Passivity not only interferes with recovery from an affair, it makes it untenable. To put it another way, passivity disrupts if not destroys the recovery process. Its hard rebuilding a marriage when dealing with a passive spouse is like nailing jell-o to a tree.

Have you ever considered the challenge of trying to connect with someone who is passive? When you’re extremely passive, you’re disconnected from others. That disconnection makes any kind of connection or re-connection, difficult. Your passivity makes it harder for others to connect with you.

A passive person makes conversation difficult. Those difficulties  discourage you and the other person. You may want your spouse to know you or tune into you, yet your passivity is actually keeping them away.

For them the passivity is like navigating through fog. It makes them unsure whether they are actually connecting with you.

Even though you’re hurting inside, when your spouse has to play a guessing game at what you’re feeling, it discourages them. You may be a warm, loving person on the inside, yet when you make getting access to your heart a quest, it becomes overwhelming.

You may have visions that some prince will cut their way through the briars and thorns getting to you as in Sleeping Beauty. That only happens in the “Wonderful World of Disney”. In real life, your spouse needs  encouragement and hope as they reach out to you.

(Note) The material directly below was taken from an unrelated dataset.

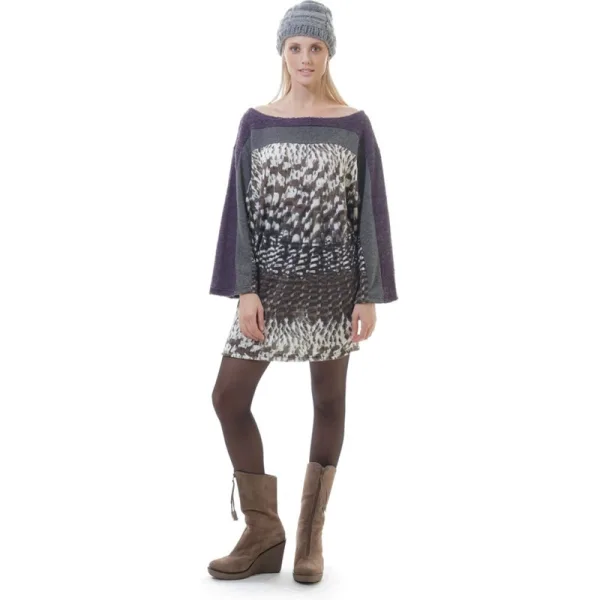Dierenpatronen en effen gekleurde panelen creëren een betoverende visuele uitstraling voor deze mini sack-jurk van 2-Young. Het lichte gebreide lijfje wordt gecontrasteerd door gezellige gebreide stoffen op de schouders en armen, wat zorgt voor textuur. Brede off-shoulder halslijn. Lange wijde mouwen.

Being passive amounts to being the ‘living dead’. Although you’re alive, the passivity d-incintivizes those wanting to connect with you, especially your spouse.

Your spouse needs someone who touches them back, who reaches out to them as well. They need someone who communicates with them as well. When communication is only one way, it’s not real communication. Sure, one person is being listened to, yet that’s not communication.

This is where “30 Days to a Better Marriage” helps. Rather than sitting back wanting them to reach out to you, you’ll instead know what to do. You no longer have to wish and hope for a better marriage, you can be working on improving the one you have.

Investing in your marriage always pays off well. Choosing not to pays off negatively. Your marriage communication doesn’t improve when left on its own.

You may have never been taught the skills you need. If you were raised where passivity was seen as being a ‘good spouse’, it’s now working against you. Your spouse needs to connect with you and you need to connect with them.